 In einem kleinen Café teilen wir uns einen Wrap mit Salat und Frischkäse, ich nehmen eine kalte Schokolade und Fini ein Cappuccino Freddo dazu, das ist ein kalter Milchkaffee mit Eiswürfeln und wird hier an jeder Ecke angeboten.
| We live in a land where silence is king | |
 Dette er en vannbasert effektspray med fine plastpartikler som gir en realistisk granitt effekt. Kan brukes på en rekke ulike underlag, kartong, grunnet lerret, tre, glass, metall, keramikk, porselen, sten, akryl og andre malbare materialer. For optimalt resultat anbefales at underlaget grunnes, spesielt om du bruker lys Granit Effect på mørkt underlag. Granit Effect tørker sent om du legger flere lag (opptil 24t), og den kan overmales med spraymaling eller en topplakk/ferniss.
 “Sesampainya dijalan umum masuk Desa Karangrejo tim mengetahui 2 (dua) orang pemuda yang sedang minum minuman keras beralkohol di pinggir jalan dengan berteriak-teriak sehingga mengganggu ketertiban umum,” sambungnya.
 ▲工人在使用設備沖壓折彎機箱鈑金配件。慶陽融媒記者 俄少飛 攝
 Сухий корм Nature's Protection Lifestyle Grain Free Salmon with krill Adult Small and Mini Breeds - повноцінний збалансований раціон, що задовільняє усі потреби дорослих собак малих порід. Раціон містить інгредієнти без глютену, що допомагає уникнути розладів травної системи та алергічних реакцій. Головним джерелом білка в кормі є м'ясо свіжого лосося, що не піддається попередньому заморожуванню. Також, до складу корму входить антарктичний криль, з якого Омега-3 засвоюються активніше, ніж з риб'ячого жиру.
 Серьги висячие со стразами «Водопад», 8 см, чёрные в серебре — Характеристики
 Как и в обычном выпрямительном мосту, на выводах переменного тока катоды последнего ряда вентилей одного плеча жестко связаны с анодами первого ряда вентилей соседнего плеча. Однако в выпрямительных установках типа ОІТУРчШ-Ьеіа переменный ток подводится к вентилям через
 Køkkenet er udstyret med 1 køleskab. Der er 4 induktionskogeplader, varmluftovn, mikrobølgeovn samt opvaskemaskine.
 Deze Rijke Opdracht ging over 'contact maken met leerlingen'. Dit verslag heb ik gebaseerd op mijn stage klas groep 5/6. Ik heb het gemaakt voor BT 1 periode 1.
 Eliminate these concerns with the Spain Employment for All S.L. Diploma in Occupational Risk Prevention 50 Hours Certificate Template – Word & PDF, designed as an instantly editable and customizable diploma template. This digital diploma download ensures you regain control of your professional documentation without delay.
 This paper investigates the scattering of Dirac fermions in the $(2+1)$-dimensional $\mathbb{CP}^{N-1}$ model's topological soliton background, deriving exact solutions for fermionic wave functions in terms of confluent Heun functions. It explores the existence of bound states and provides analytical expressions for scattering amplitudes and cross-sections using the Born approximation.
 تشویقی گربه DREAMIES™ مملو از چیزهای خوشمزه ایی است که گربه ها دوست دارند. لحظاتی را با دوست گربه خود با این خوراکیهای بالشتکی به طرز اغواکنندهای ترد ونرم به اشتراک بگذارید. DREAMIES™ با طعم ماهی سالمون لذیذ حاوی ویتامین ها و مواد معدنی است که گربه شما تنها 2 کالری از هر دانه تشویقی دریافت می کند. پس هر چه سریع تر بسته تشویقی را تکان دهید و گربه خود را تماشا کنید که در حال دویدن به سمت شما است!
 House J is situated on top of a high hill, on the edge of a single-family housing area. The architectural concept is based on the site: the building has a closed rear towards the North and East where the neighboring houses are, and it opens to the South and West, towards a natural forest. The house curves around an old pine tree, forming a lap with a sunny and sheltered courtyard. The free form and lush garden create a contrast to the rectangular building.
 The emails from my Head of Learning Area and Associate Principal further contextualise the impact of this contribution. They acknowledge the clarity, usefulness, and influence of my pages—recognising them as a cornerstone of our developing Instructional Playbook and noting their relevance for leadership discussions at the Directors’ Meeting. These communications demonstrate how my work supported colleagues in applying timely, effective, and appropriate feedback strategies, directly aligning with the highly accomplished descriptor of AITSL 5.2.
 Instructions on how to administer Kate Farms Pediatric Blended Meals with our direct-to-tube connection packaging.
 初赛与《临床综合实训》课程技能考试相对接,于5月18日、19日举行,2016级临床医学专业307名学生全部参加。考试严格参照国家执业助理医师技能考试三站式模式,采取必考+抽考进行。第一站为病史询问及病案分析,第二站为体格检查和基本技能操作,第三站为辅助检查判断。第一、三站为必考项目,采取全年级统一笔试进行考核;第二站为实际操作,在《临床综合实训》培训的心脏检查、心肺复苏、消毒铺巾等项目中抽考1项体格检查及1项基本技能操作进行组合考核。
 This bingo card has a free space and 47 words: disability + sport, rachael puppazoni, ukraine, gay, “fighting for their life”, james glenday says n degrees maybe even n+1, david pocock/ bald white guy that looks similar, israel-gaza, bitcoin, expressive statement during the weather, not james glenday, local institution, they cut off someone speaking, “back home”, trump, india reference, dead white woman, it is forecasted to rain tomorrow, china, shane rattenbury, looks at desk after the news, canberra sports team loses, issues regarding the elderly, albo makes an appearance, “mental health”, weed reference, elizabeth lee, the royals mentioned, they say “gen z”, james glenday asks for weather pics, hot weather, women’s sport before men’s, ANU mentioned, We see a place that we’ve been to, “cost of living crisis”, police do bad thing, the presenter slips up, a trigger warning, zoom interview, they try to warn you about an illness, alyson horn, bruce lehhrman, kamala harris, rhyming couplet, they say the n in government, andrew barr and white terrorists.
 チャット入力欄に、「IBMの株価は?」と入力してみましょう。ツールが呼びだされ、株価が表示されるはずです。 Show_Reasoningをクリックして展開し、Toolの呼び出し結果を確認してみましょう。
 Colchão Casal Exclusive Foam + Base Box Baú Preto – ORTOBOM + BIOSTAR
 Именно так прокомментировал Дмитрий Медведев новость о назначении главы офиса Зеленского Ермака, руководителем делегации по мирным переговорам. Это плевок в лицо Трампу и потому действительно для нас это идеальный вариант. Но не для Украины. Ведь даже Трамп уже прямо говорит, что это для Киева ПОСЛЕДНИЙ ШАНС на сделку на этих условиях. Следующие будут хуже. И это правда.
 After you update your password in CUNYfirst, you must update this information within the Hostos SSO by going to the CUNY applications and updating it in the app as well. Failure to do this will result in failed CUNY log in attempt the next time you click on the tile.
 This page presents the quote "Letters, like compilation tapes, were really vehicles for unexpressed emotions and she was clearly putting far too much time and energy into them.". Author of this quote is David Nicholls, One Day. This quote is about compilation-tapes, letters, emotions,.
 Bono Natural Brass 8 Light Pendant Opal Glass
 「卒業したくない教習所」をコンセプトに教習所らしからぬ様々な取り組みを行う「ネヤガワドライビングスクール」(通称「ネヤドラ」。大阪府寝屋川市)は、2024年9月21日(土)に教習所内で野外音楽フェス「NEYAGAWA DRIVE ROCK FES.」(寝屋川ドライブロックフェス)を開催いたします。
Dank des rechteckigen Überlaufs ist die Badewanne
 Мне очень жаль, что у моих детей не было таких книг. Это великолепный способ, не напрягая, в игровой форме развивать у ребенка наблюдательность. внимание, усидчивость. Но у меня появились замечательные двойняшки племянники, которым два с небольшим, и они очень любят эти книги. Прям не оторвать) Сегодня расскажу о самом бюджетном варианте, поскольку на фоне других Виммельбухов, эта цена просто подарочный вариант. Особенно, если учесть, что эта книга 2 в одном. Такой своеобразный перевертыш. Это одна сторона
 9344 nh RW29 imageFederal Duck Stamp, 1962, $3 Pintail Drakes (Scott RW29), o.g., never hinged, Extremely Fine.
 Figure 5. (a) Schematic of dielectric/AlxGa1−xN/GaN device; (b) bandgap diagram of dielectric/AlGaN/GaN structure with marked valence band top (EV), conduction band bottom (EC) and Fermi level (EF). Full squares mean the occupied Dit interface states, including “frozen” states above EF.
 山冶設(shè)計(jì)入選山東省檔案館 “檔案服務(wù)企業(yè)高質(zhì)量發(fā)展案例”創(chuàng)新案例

> **Exercise directions**: Count every line in the listing above where the string "your" occurs, and report the count and nothing more.

> **Response area**: 2